Быть счастливым есть быть верным исполнителем естественных мудрых законов; а как они основаны на общем добре и противны злу, то быть счастливым есть.... быть добрым". В этих словах весь Карамзин.
В эти годы задумывал он писать похвальные слова Петру и Ломоносову, набросал даже несколько мыслей для первого; но план этот не был исполнен. — 12-го марта; 1801 г. скончался император Павел, и 26-го марта Карамзин поздравлял брата с "новым любезным нашим императором". Восшествие на престол Александра Карамзин приветствовал одою, в которой сравнивает его восшествие с приходом весны, выражает надежду на великие дела, но желает мира, правды на суде, добрых нравов, образец которых должен представлять двор; при этом предостерегает от льстецов и указывает на доблести Пожарского и правдивость кн. Я. Долгорукова; в заключение изображает, что музы снимают с себя черный креп. Император благосклонно принял эту оду. В апреле 1801 г. Карамзин женился на E. H. Протасовой, сестре Плещеевой.

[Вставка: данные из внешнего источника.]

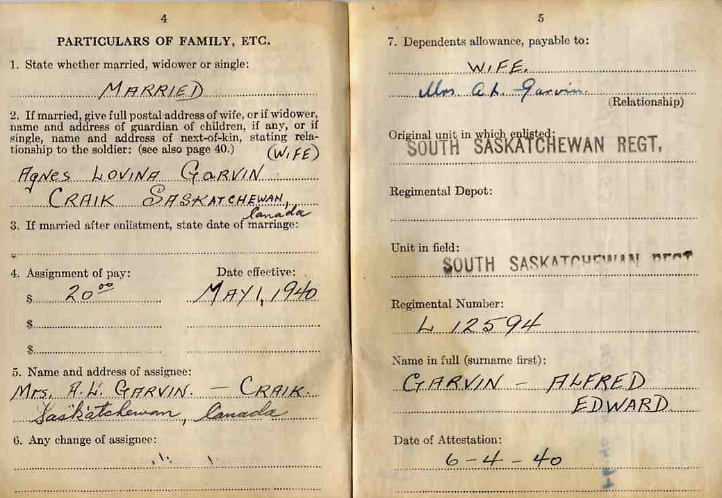 Documents held by Alf's son, me, Terry Garvin of Calgary, Alberta:

Он прожил с ней только год, был очень счастлив, хотя постоянно тревожился ее плохим здоровьем.
В марте 1802 г. она родила дочь Софию, а в апреле скончалась.
Карамзин был неутешен.
Все время ее болезни он однако принужден был работать (он тогда издавал "Вестник Европы") и делил время между своим кабинетом и комнатою больной.
Отдыха он не имел. M. A. Дмитриев со слов дяди рассказывал, что раз утомленный он заснул на диване и видел странный сон: стоит он у вырытой могилы, а через нее подает ему руку дочь кн. Вяземского, Екатерина Андреевна, на которой он после женился; о ней он совсем не думал. Женился он второй раз в январе 1504 г. В 1801 г. Карамзин написал несколько кратких биографий для предпринятого П. П. Бекетовым издания: "Пантеон российских авторов" и в том же году он занят был составлением "Исторического похвального слова императрице Екатерине", которое было издано в 1802 г. Слово это принадлежит к числу замечательнейших сочинений Карамзина.
На основании только воспоминаний и источников, всем доступных, он сумел составить полную и в значительной степени верную картину этой знаменитой эпохи. Он рассматривает сначала победы Екатерины, потом ее законы и наконец учреждения.
Местами встречаются блестящие характеристики, местами веские рассуждения.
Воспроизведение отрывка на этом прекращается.